Traduction par Ch. Romey et A. Rolet.
Shirley et Shirley et Agnès GreyCh. Lahure et Cie (p. 229-235).


CHAPITRE V.

L’oncle.


Outre la vieille lady, il y avait un autre parent de la famille dont les visites m’étaient fort désagréables : c’était l’oncle Robson, le frère de mistress Bloomfield ; un grand garçon plein de suffisance, aux cheveux noirs et au teint jaune comme sa sœur, avec un nez qui avait l’air de mépriser la terre, et de petits yeux gris fréquemment demi-fermés, avec un mélange de stupidité réelle et de dédain affecté pour tout ce qui l’environnait. D’une forte corpulence et solidement bâti, il avait pourtant trouvé le moyen de réduire sa taille dans une circonférence remarquablement petite ; et cela, ajouté à sa roideur peu naturelle, prouvait que le fier M. Robson, le contempteur du sexe féminin, ne dédaignait pas le service du corset. Rarement il daignait faire attention à moi, et, quand il le faisait, c’était avec une certaine insolence de ton et de manières qui me prouvaient qu’il n’était point un gentleman, quoiqu’il visât à produire l’effet contraire. Mais ce n’était point tant pour cela que je haïssais ses visites, que pour le mal qu’il faisait aux enfants, encourageant toutes leurs mauvaises inclinations, et détruisant en quelques minutes le peu de bien qui m’avait coûté des mois de labeur à accomplir.

Il ne condescendait guère à s’occuper de Fanny et de la petite Henriette ; mais Mary-Anne était en quelque sorte sa favorite. Il ne cessait d’encourager ses tendances à l’affectation, que j’avais mis tous mes efforts à réprimer, parlant de sa jolie figure, et lui remplissant la tête de toutes sortes d’idées vaniteuses sur sa beauté, que je l’avais instruite à regarder comme poussière en comparaison de la culture de l’esprit ; et jamais je ne vis enfant plus sensible qu’elle à la flatterie. Tout ce qu’il y avait de mauvais chez elle et chez son frère, il l’encourageait en riant, sinon par ses louanges directes. On ne sait pas le mal que l’on fait aux enfants en riant de leurs défauts, et en trouvant matière à plaisanterie dans ce que de vrais amis se sont efforcés de leur apprendre à tenir en grande horreur.

Quoiqu’il ne fût point positivement un ivrogne, M. Robson ingurgitait habituellement de grandes quantités de vin, et prenait de temps en temps avec plaisir un verre d’eau mêlée d’eau-de-vie.

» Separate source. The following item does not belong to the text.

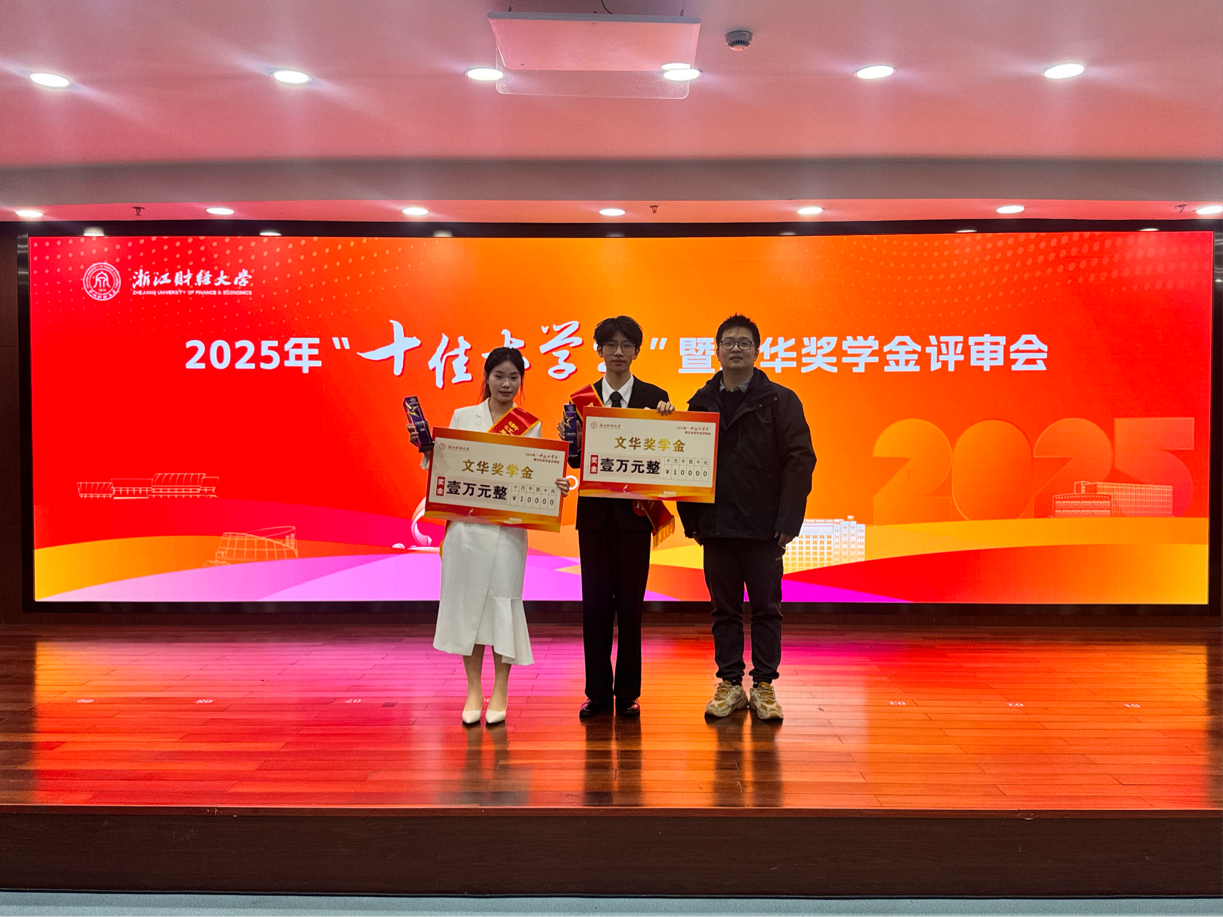 12月16日,2025年度浙江财经大学“十佳大学生”评选活动及优秀学子事迹分享盛会在学术四报隆重举行,我院2023级视传专业章尔斯与2023级摄影专业沈洋同学在激烈的竞争中脱颖而出,荣获2025年度校“十佳大学生”荣誉称号。
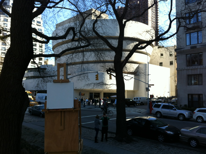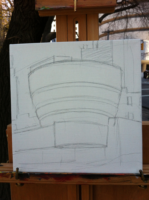Spring is springing, and so, the outdoor painting season has begun! To kick things off, I decided to paint The Guggenheim and The Carlyle. Enjoy the video above, and a few process snaps along the way.

Il apprenait à son neveu à l’imiter du mieux qu’il pouvait, et à croire que, plus il pourrait prendre de vin et de spiritueux, plus il manifesterait son fier et mâle caractère et s’élèverait au-dessus de ses sœurs. M. Bloomfield n’avait pas grand’chose à dire là contre : car son breuvage favori était le gin et l’eau, dont il absorbait chaque jour une quantité considérable, et c’est à quoi j’attribuais son teint pâle et son caractère irascible.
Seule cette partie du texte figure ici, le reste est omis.